To the Wonder • Tree of Life


There was a time when the spiritual dimension of Terrence Malick’s films was palpable but not in a way that overwhelmed the experience of ordinary life. He portrayed the sort of beauty that any of us can experience in a vast landscape, whether of Midwestern wheat fields or the virgin forests of the New World, along with all the questions that such experiences can raise as to the nature of reality.

But with TREE OF LIFE, the beauty of the universe all but swallowed the human beings hobbling along in its midst. A recognizably Christian conception of divine love, as a light illuming all that it encounters, made that film almost unendurably beautiful, too much to bear of a reality beyond consciousness itself. The practicalities of life, and the exigencies of everyday emotion, felt small and petty, munchkins nibbling at the gigantic truths, such as they might be, of whatever it was that filled the vacuums of space. It made for a cinematic experience at once intoxicating and detached, nearly impossible to talk about other than as divine revelation or as aesthetically induced delusion.

TO THE WONDER is largely in the same vein, with shot after shot of gorgeously composed imagery, usually looking up to the sky (always limitless in Malick) or down from it (always godlike). But this film is focused more strongly on human relations than its predecessor, on a love affair that begins in Europe and is tested in the crucible of the suburbs and farmlands of North America. The voices are still disembodied, as though echoing in the void after the deaths of the speakers, and the painful clarity of the images is just as hard to and impossible not to look at as before. But there are moments when the camera goes level, and looks upon things from a human height, and this happens precisely when the human interactions are at their most direct and convincing.

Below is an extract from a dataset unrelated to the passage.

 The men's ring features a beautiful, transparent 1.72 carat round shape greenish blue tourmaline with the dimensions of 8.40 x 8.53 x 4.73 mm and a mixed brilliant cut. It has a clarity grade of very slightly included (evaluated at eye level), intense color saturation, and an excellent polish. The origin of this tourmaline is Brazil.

I would not say that TO THE WONDER ever comes down to earth, but it gets into bedrooms and backyards, onto trains and airplanes, inside banks and doctor’s offices. There are a priest who questions his god, lovers who doubt their lovers, and countries that resist foreigners, or welcome them. The effect is still distant and austere, but less naively and more questioningly, somehow, than in TREE OF LIFE. Malick’s world remains his own, or one that a very few others live in or can visit, in which God is doubted, then believed in, then doubted again, then believed in again, in a sort of life cycle of the soul. Life feels like a poem waiting to be written, a prayer not yet said, a question unanswered but that one day might be, and until then there are worlds of love and beauty to console us.